/---

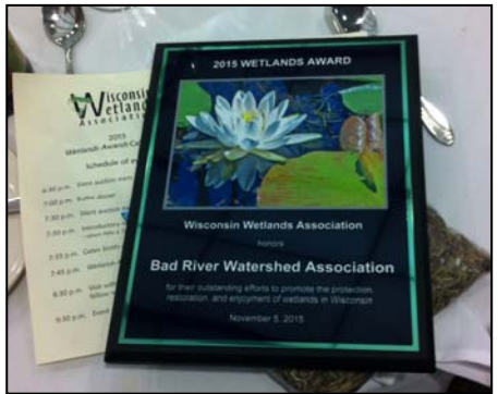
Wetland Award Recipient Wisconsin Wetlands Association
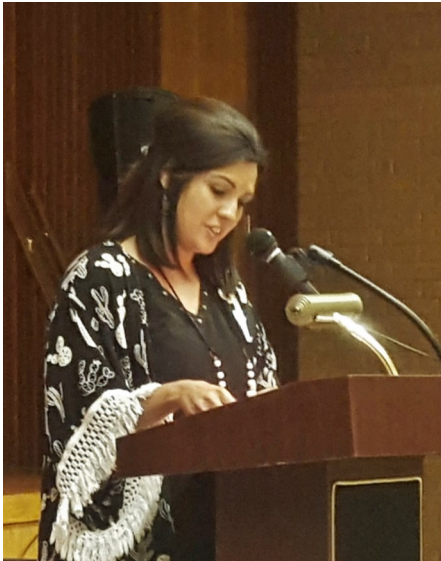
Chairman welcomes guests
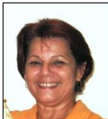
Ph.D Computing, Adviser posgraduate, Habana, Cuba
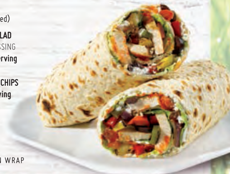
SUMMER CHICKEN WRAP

\---

* Task to complete *
Take the listing and print it again exactly, but without any pictures.

* Exercise output *
Wetland Award Recipient Wisconsin Wetlands Association
Chairman welcomes guests
Ph.D Computing, Adviser posgraduate, Habana, Cuba
SUMMER CHICKEN WRAP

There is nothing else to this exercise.